§ Requirement: Pictures must not appear in the copy. Reproduce exactly, and only, the lines from the one with "Solidly built, this" through the end of the data below.

§ Data section:
####

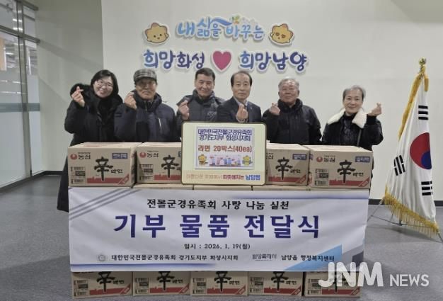 제이앤엠뉴스 | 대한민국전몰군경유족회 경기도지부 화성시지회가 지난 19일 남양읍행정복지센터에 지역 내 어려운 이웃들을 돕기 위한 라면 20박스를 기탁하며 따뜻한 나눔의 뜻을 전했다.
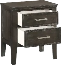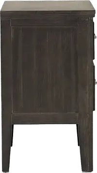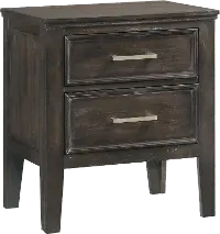 Solidly built, this nightstand features a rich nutmeg brown finish with sand-throughs and white glazing for a weathered look, highlighting the wood’s unique grains and characteristics. The 2 smooth-gliding drawers provide handy bedside storage, while framed drawer fronts and elongated metallic-finished handles lend depth and charm.
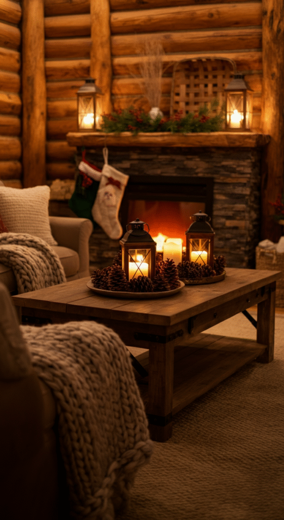If you love holiday movies set in snowy mountain cabins, this style is the closest you’ll get without traveling. Think wooden textures, chunky blankets, pinecone centerpieces, and natural elements that bring the outdoors in. Add lantern-style lights or faux fireplace visuals for the full cabin mood.
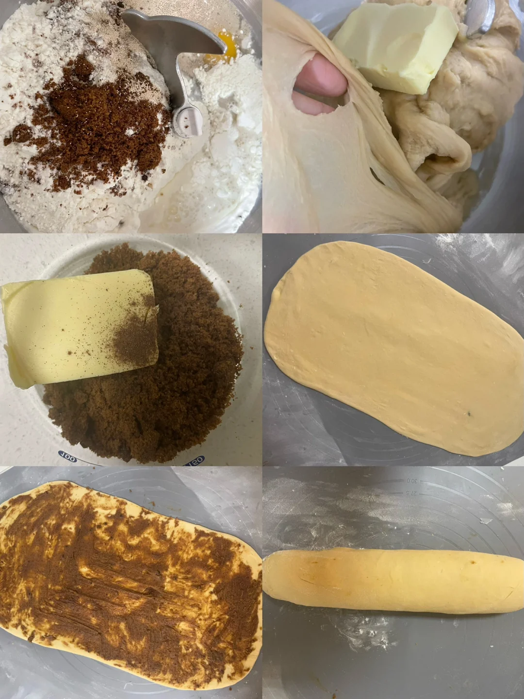 🍂馋了好久的肉桂卷,终于安排啦!不需要手套膜!出炉时满屋都是香甜的味道! 【所需食材】 🍂面团部分 高筋面粉300克|红糖35克|水140克|全蛋液50克|干酵母粉3克|盐2克|无盐黄油20克 🍂馅料部分 黄油40克|红糖40克|肉桂粉2克 【制作过程】 1⃣️除黄油之外的面团材料揉到后膜加入软化黄油继续揉均匀 2⃣️揉好的面团擀开成长方形,均匀涂抹馅料,卷起,捏紧收口,切成9份 3⃣️发酵至体积1.5倍大,180度烘烤18分钟左右 🔗馅料做法 软化黄油加入红糖和肉桂粉混合均匀即可

####

§ Exercise solution:
 Solidly built, this nightstand features a rich nutmeg brown finish with sand-throughs and white glazing for a weathered look, highlighting the wood’s unique grains and characteristics. The 2 smooth-gliding drawers provide handy bedside storage, while framed drawer fronts and elongated metallic-finished handles lend depth and charm.
If you love holiday movies set in snowy mountain cabins, this style is the closest you’ll get without traveling. Think wooden textures, chunky blankets, pinecone centerpieces, and natural elements that bring the outdoors in. Add lantern-style lights or faux fireplace visuals for the full cabin mood.
 🍂馋了好久的肉桂卷,终于安排啦!不需要手套膜!出炉时满屋都是香甜的味道! 【所需食材】 🍂面团部分 高筋面粉300克|红糖35克|水140克|全蛋液50克|干酵母粉3克|盐2克|无盐黄油20克 🍂馅料部分 黄油40克|红糖40克|肉桂粉2克 【制作过程】 1⃣️除黄油之外的面团材料揉到后膜加入软化黄油继续揉均匀 2⃣️揉好的面团擀开成长方形,均匀涂抹馅料,卷起,捏紧收口,切成9份 3⃣️发酵至体积1.5倍大,180度烘烤18分钟左右 🔗馅料做法 软化黄油加入红糖和肉桂粉混合均匀即可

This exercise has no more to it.